First, we considered finding a better method to train LLMs to solve competitive programming problems or design a novel pipeline. After some cost analysis, this would be extremely expensive. Fine tuning a model to achieve decent results would mean at least a 7B parameter model. Any model with fewer parameters would spit out gibberish and just get stuck in a loop. Fine tuning on Colab wouldn't cut it. We had to train overnight, and even then it would run out of resources and crash. You could persist the data and training checkpoints, but this iteration time was much too slow. If we used Lambda, we did have the option of using a multiple GPU cluster. However, we found that libraries like TRL and VERL were quite difficult to get working, and much of the issues were caused by configuration errors. Using a single GPU would work, but iteration time was still too slow. Because of all these factors, we decided on taking a cheaper approach that didn't require so many iterations and didn't require much fine tuning.

Then, our mentor suggested we look at test case generation, suggesting that the latest papers focusing on improving test case generation, particularly TCGBench, were only a few months old. This was a rising area that we thought we could make progress on. Digging deeper, we found papers like TestCase-Eval, rStar-Coder, CodeContests+, CURE, and CodeHacks, all of which were fairly recent and directly related to test case generation. They focused on benchmarking test case generation, using test cases to train models, accurately validating and invalidating code based on test cases, and generating high-quality test case datasets. We scrutinized this area of research for any gaps.

Unlike competitive math, competitive programming has the advantage of being easily testable. Contestants always run their code with the sample test cases within the problem test cases as well as any test cases that they come up with. How often does their code work on the first try? Not very often, especially on harder problems. As blindly submitting code to the judge doesn't work for humans, neither does it work for LLMs. To fix their code, they first need to know where their code goes wrong. To even submit their code, they need to make sure it's correct for all the test cases that they know of. The backbone for all of these relies on test case generation at runtime for voting and debugging, simulating what humans already do.

To this end, we first considered Codeforces hacking. In Codeforces, users who have solved a problem can view the code of other users.

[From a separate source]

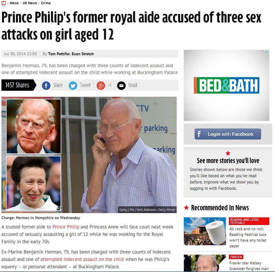 Ένας πρώην ιπποκόμος του πρίγκιπα Φιλίππου, του συζύγου της βασίλισσας Ελισάβετ του Ηνωμένου Βασιλείου, κατηγορείται για την σεξουαλική κακοποίηση ενός 12χρονου κοριτσιού τη δεκαετία του 70, μία περίοδο κατά την οποία εργαζόταν για την βασιλική οικογένεια, ανακοίνωσαν σήμερα εισαγγελείς.

If some submission is sketchy, they can submit a test case to prove that submission wrong compared to the ground truth code result. If the new test case successfully proves the submission wrong, the test case runs on all submissions. Following the release of the paper CodeHacks during our brainstorming week, we considered the direction of generating failure-inducing test cases, but we ultimately rejected it after deciding that it was too hard of a problem to solve with our limited resources. Still, generating error-inducing test cases both to hack submissions and also improve LLM code at runtime remains a viable and unexplored area. It may even be extended to unit test case generation for real-world software projects.

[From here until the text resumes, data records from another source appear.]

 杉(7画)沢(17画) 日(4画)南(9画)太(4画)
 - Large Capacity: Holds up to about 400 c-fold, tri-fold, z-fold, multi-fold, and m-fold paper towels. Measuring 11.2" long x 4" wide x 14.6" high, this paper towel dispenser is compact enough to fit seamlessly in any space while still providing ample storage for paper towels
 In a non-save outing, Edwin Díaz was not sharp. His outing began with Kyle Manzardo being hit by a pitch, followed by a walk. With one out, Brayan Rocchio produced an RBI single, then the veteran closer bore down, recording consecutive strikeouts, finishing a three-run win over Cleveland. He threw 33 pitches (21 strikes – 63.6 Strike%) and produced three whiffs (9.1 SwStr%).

We finally settled on just generating test cases for diversity and accuracy. Generating input test cases is a field with some research already. CodeContests+ and the successive paper Klear-CodeTest use a generator-validator framework to generate inputs. The validator checks that the test case input follows all problem constraints, not only including 1 <= n <= 10^6 and also that, for example, the graphs are acyclic. The generator doesn't straight up generate test cases with tokens, as it is slow, costly, and prone to errors, even for medium sized inputs. Instead, it generates code to generate the test cases. Instead of having the LLM spit out tokens, it's better to have code to generate inputs that easily follows the constraints; of course, the validator is still needed to catch mistakes and difficult constraints. Benchmarks that test code that generates test cases include TCG-Bench and TestCase-Eval, where LLMs have been shown to do somewhat poorly.

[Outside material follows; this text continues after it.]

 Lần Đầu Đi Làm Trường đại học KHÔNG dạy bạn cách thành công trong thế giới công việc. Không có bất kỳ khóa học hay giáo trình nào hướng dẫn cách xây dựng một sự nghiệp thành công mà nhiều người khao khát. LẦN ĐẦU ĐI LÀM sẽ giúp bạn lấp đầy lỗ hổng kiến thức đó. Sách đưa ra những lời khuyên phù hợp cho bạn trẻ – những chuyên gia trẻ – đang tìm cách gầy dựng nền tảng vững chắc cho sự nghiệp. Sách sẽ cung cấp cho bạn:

While we must ensure diversity and cover all edge cases, CodeContests+ and Klear-CodeContest offer a good framework that has a high TPR and TNR, which means that correct code nearly always passes and incorrect code nearly always fails. However, these papers are catered to creating new datasets, not to generate test cases during runtime to test code as humans do. Thus, they simply plug the generated inputs into ground truth solutions and get some output values. In contrast to existing work, we need to find a way to effectively get the test case outputs from the test case inputs during runtime.

At first, this task seems impossible. We could obviously ask the LLM to generate a solution, and bam! We have correct outputs. We could maybe even implement majority voting for the most common output. However, if you can generate code to get outputs, you might as well just submit that as the answer to the problem! We need to somehow find better ways.

Let's say you're solving a competition programming problem. You'd sit down and work through a test case input to build some intuition for the problem. You probably wouldn't follow any specific algorithm, but simply understand why the output is what it is. That's what most research does for runtime output generation; they simply tell the LLM to reason through an input. However, this often leads to incorrect outputs, especially for spatial reasoning problems. Most existing research also does not cover extending this intuition with a single test case input to all test case inputs, something humans often exploit. To train a model on this task, we could distill a large reasoning model like DeepSeek R1 and RLVR based on how accurate the outputs are.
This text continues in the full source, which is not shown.